IC 226 and IC 227 are the largest members of the MCXC J0228.1+2811 galaxy cluster. The cluster is located in the southeast corner of Triangulum and is just under a half billion light-years from us. Major galaxies of clusters usually get their size by devouring smaller members of the cluster that get too close. While IC 227 shows no sign of this other than its large size compared to the other members of the group IC 0226 is an obviously highly disturbed by something it ate recently. While the two IC galaxies fall into the red and dead classification, likely due to the many mergers pushing dust and gas needed for star formation out of the galaxies, IC 0226 shows a very blue arc just beyond its very faint red disk. Could this be the remains of its last meal? If the devoured galaxy had lots of dust and gas then that may have been available for new star formation as it was stripped from the galaxy as it spiraled in to its doom.

Arguing against this is that it is a low surface brightness galaxy with a rather small black hole at its core with only minimal AGN activity. So what caused the odd arc of bright blue stars outside the main disk of the galaxy? I found little on it but for this paper which looked mostly at the HI in this and other similar giant low surface brightness galaxies, https://arxiv.org/abs/1609.07544 .

As I just mentioned IC 226 is considered a Giant Low Surface Brightness Galaxy by what few papers I found on it though NED made no mention of this. While the core region seems to be of normal brightness the disk is very faint. I enhanced this region to get it to show. With my normal stretch, the region between the center and the blue disk was very hard to see. So I went against my usual rule of not treating one part of an image differently than the rest. It certainly is a giant galaxy. Including the faintest parts, I measure it as over 350,000 light-years across. That makes it slightly larger than IC 227 which I measure at 250,000 light-years. Still, a giant elliptical galaxy. Even PGC 9415 is large at 170,000 light-years.

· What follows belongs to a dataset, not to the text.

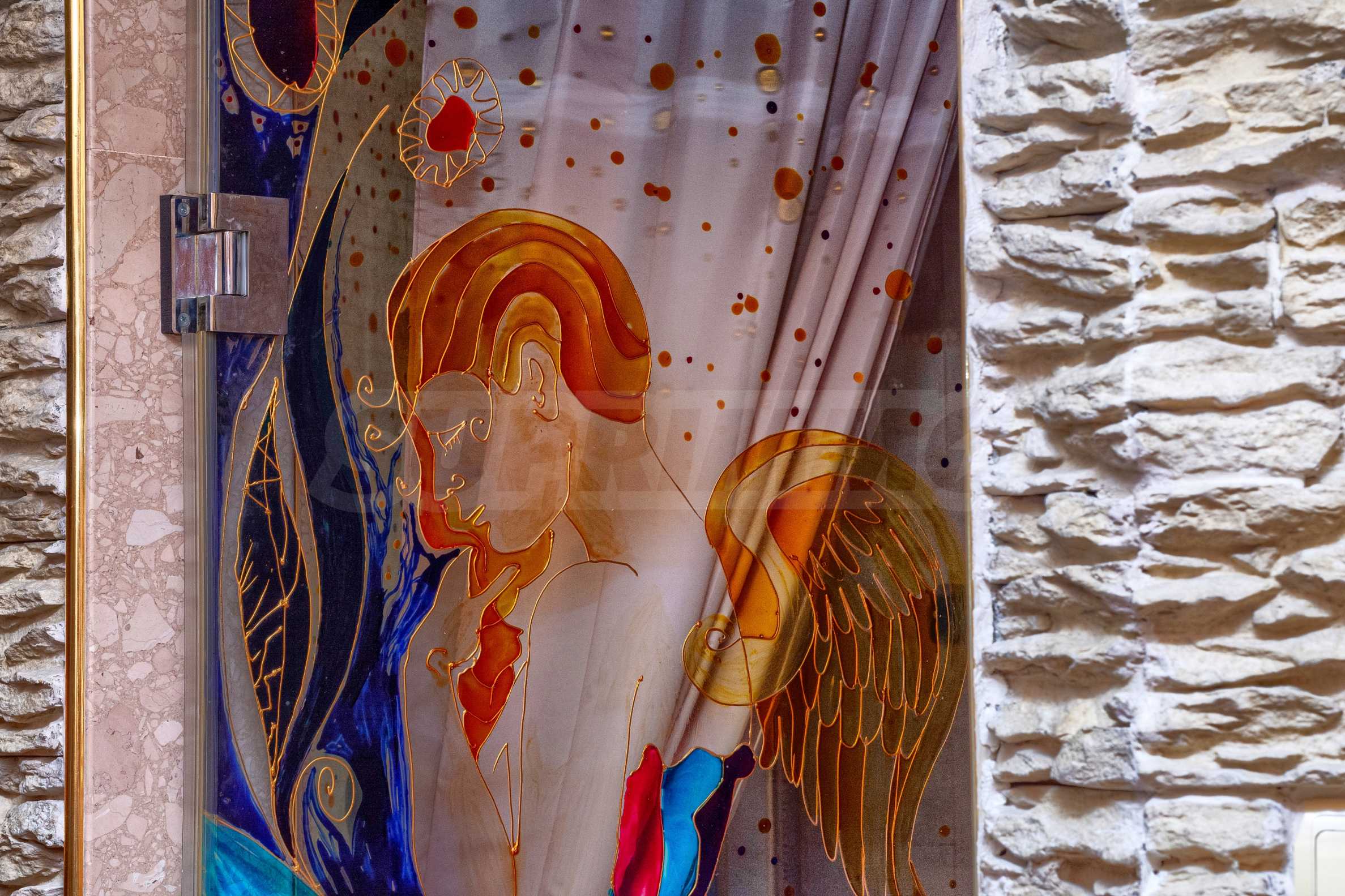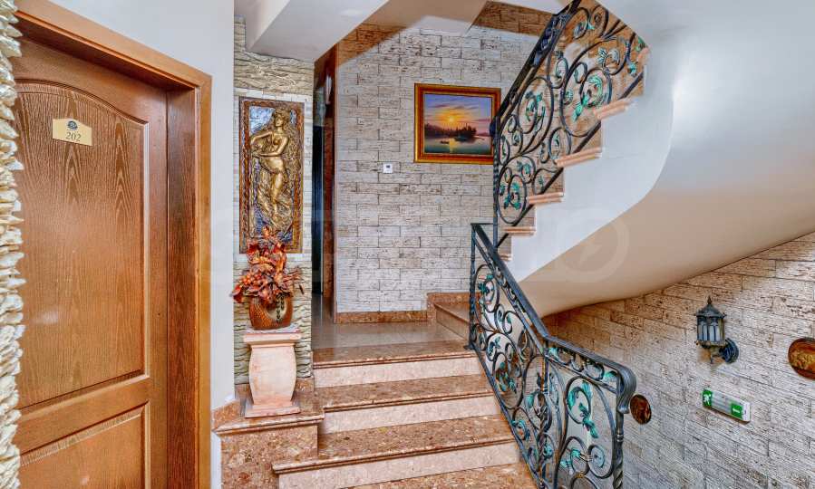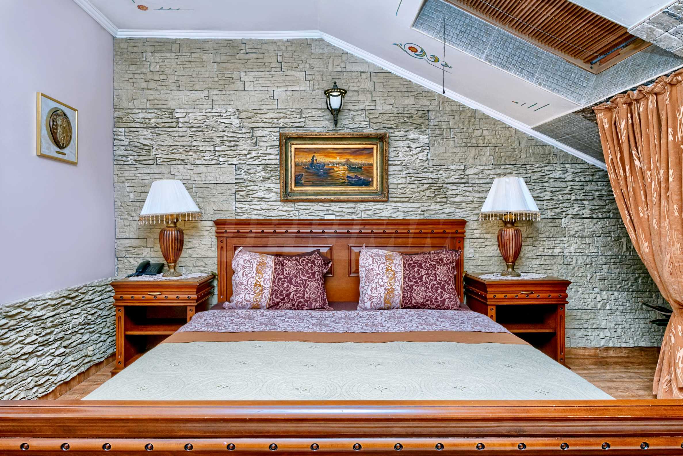 Недвижимость представляет собой дом, подходящий для проживания, гостиницы или гостевого дома. В доме есть ресторан, пиано-бар и винный дегустационный центр с уникальным стилем и архитектурой. Общая площадь застройки составляет 1130 кв.м. Цена: 3500 евро (6846 левов)/кв.м без НДС .

IC 226 and 227 were discovered by Rudolf Spitaler but a few days apart. He saw IC 226 on December 31, 1891 and IC 227 on December 24, 1891.

In the southeast part of the image is LEDA 213001 and PGC 9447. LEDA 213001 shows a faint drawn out arm or plume toward PGC 9447. This is just a coincidence. While LEDA 213001 is a member of the galaxy cluster PGC 9447 isn't being only 77 million light-years distant. Some other galaxy likely caused the drawn-out arm of LEDA 213001. Such interactions are common galaxy clusters but which one caused it, or even if it is one in the image, as the cluster extends beyond my image, I don't know. PGC 9447 looks a bit distorted or warped but I think this more due to its wide arm structure seen nearly edge on. I likely would look more normal seen face on.

I suspect most galaxies in the image, especially the red ones, are likely cluster members. Unfortunately, this area of the sky is not very well studied. I listed all galaxies that had redshift data at NED. I didn't search further though should have I suppose. It certainly is full of galaxies. NED didn't have a size for the cluster nor a galaxy count. The area just isn't well studied as I keep saying.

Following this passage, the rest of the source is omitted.